Noteworthy piano virtuoso trumpets his Jewish heritage
World-renowned pianist Evgeny Kissin holds three passports, but the one that defines him has a menorah on it
LONDON — Classical pianist Evgeny Kissin says he wrote his book, “Memoirs and Reflections” because over the course of many interviews he has constantly been asked the same questions. Ironically, now everyone wants to ask him about the book — creating a catch-22 call and response like a never-ending repeat sign on a piece of sheet music.
Born in 1971, Kissin, who looks blissfully happy after marrying in March of this year, has never known life without music. His book is unlike almost any other Western artistic autobiography in the sense that it sometimes reads like a 19th-century Russian classic. Kissin is also the unusual holder of three nationalities — Russian, British, and, since 2013, Israeli.

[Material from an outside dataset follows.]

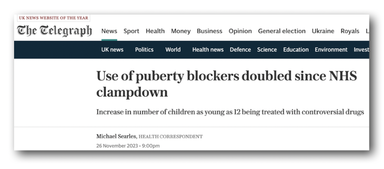 In November 2023 the Telegraph reported that despite the previous summer’s announcement, the number of children prescribed puberty blockers had doubled since the National Health Service promised to curb the practice.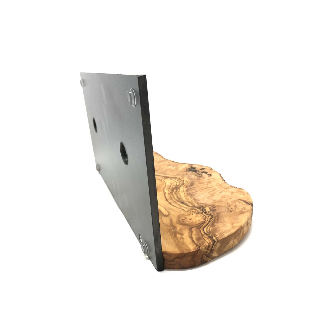 Zwei weiße Porzellanschalen je 0,4 Liter als Futternapf, auf einer schwarzen, extrem unempfindlichen Platte (30 x 18 cm). Der Clou: Als Spritzschutz ist ein rustikal massives Brett aus Olivenholz fixiert. Durch den natürlich rustikalen Rand ähnelt es in dieser Kombination einem Berg.

He has been described not as a prodigy — which he was — but as “a small genius, who is now simply a genius.” And perhaps that is the key to Kissin, who carries a slightly otherworldly aura around him. Our neighbors in the hotel lobby where we are holding this interview recognize him straight away. “That’s Evgeny Kissin, the great musician,” they whisper admiringly.
To be fair, Kissin resembles almost no one else on the classical stage, with his shock of black hair and the way he earnestly strives to answer questions he might regard as somewhat impertinent.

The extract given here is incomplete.